Hot spots indicate a rock weakness such that magma can sweep under the rock, heating the overlying rock. Hot spots are frequently in stretch zones, as the many
hot spots across Africa and in the African Rift show. Unless the stretch pulls the rock apart sufficiently, no oozing of magma will occur.
Some hot spots occur where subduction occurs, rock layers are being pushed under the hot spot, so that for instance the oozing volcano under Hawaii will die back, eventually, as the rock layers push together forming baffles for the magma. Hot spots in the Pacific are found along the borders between the Pacific plate, which are many and not the single plate assumed. Yellowstone is a famous hot spot that will likewise lose its strength over time, because the American west is being pushed over Pacific plates. During the pole shift, Hawaii is expected to only continue oozing, and Yellowstone is expected to respond not as a super volcano but as any other volcanic reaction to the magnitude 9 quakes besetting the globe.

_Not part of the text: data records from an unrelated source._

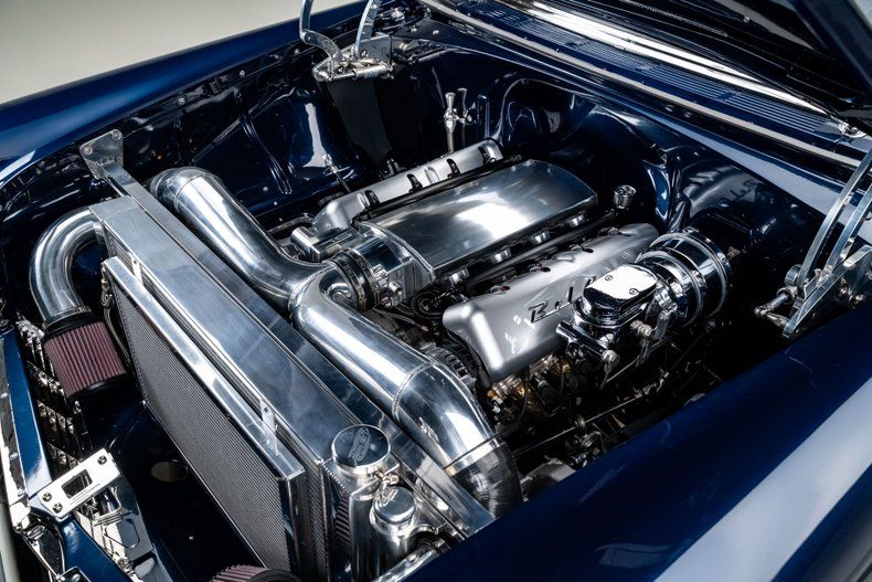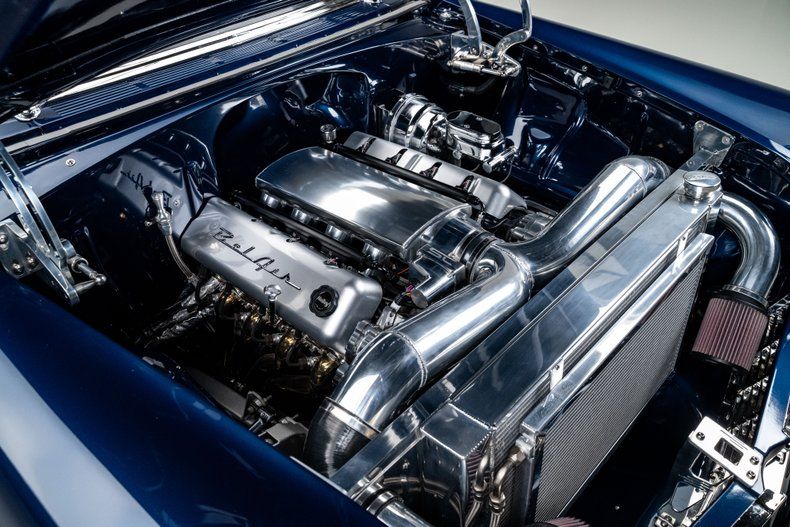 Finished in an attractive metallic blue over metallic silver two-tone, the body presents a tasteful interpretation of Chevrolet's iconic Bel Air styling. Traditional trim, chrome and badging remain intact, preserving the unmistakable character that defines the model, while subtle modern touches enhance the presentation. LED '56-style tail lamps provide improved visibility without altering the factory look, and the car's athletic stance immediately signals its modern underpinnings. Completing the exterior are 18" Forgeline CH3P wheels finished in gunmetal with polished lips, wrapped in BFGoodrich G-Force tires that fill the arches perfectly and complement the car's lowered posture.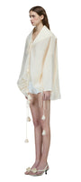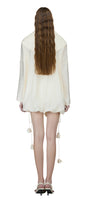 Expertly designed for elegance, this top features a flattering trapezoid silhouette, sophisticated V-neck, and draped batwing sleeves. Tassel embellishments add chic movement. Ideal for work events, dinners, or stylish daytime outings.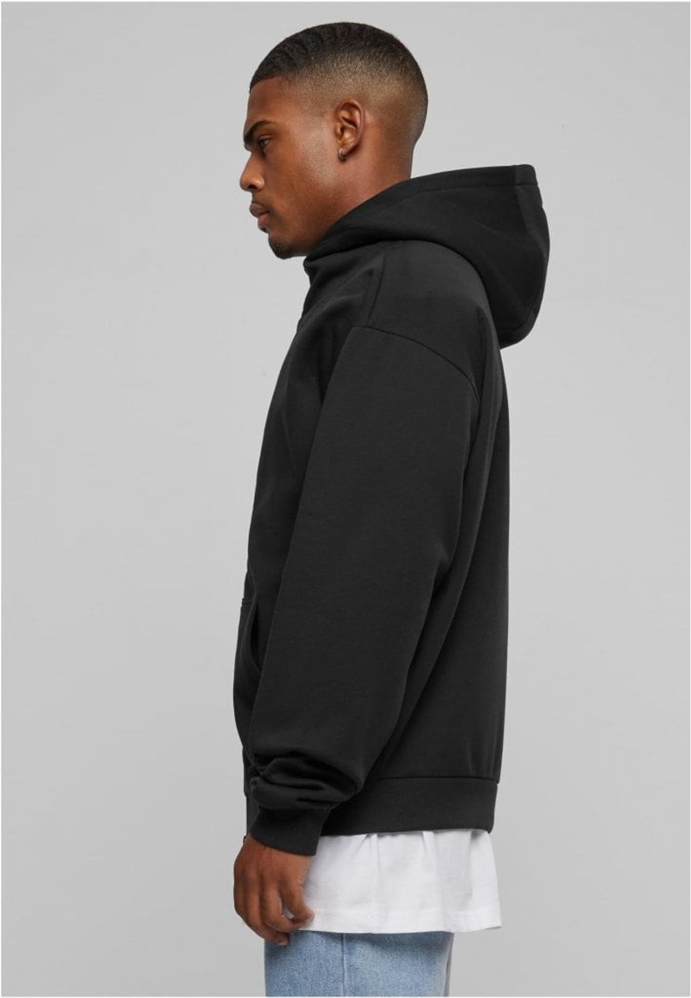 Denne herresweater har klassiske funktioner såsom hætte, kængurulomme og brede manchetter og kant. En speciel detalje er den let forkortede krave, mens oversize pasformen med faldende skuldre giver masser af bevægelsesfrihed. Det anvendte børstede fleecefor er behageligt og behageligt at have på.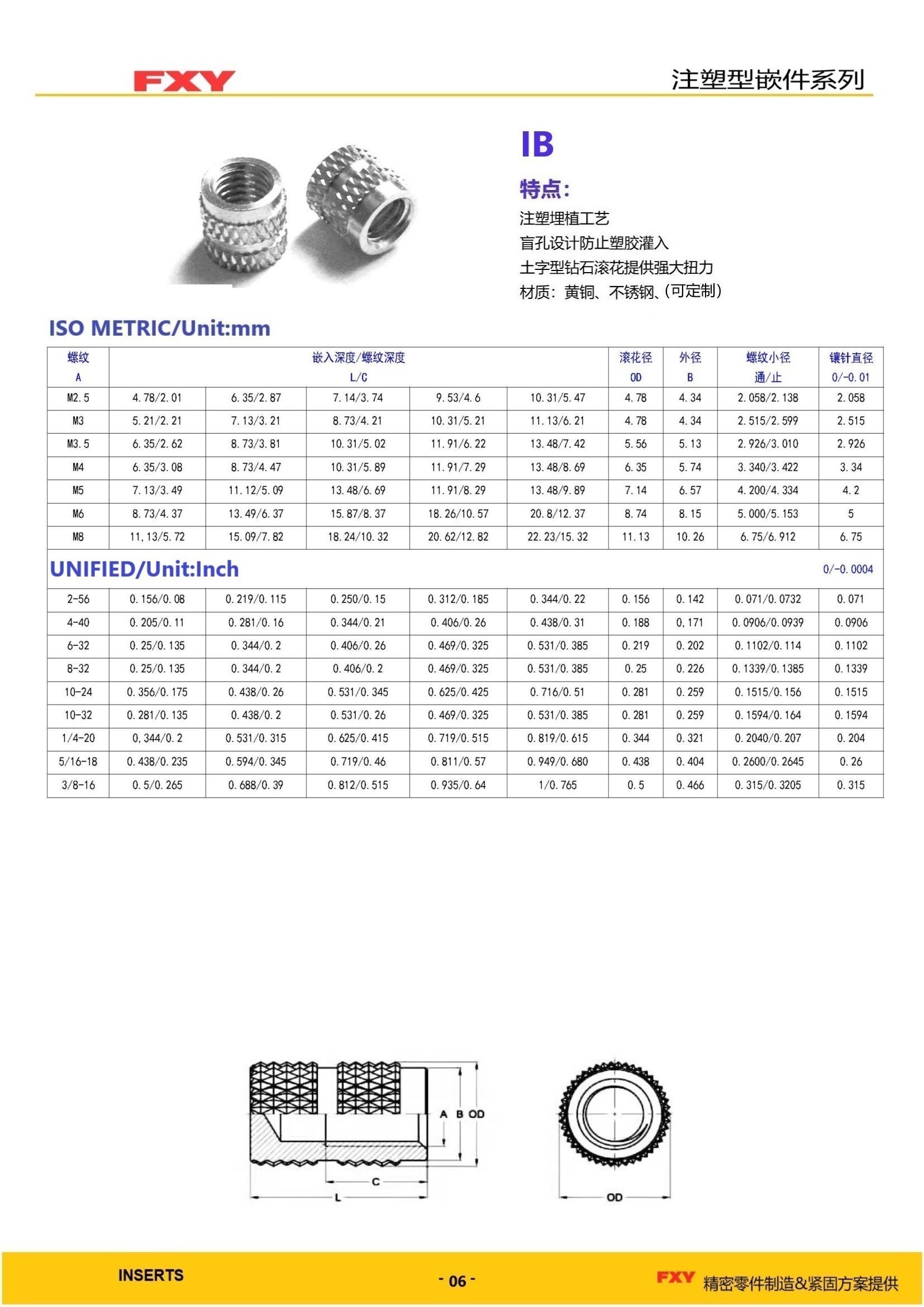 型号:IB技术设计特点: 1、盲孔设计防止胶汁灌入 2、砖石滚花提供扭力 3、材质;黄铜、不锈钢、可定制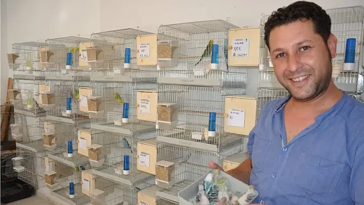 Torbalı Mahallesi'nde muhabbet kuşu üreten Efem Kuşçuluk'un sahibi Mehmet Yorulmaz, bir ilke imza attı. 150 çift kuşun hepsinde kimlik bulunuyor

Hot spots in the interior of a plate not subject to nearby subduction or to a stretch will react during the coming pole shift according to the stress on the plate. Australia and the waters between Australian and New Zealand have hot spots that are where the rock layers are thin, and bending as the Indo-Australian plate lifts there. Thus, with pressure beneath them eased, these are unlikely to erupt or ooze. Germany will find its caldera likewise unaffected, as the Atlantic will spread, the Eurasian Plate pulled apart lengthwise to form a new inland bay at Pakistan, and the pressure eased at all points in between.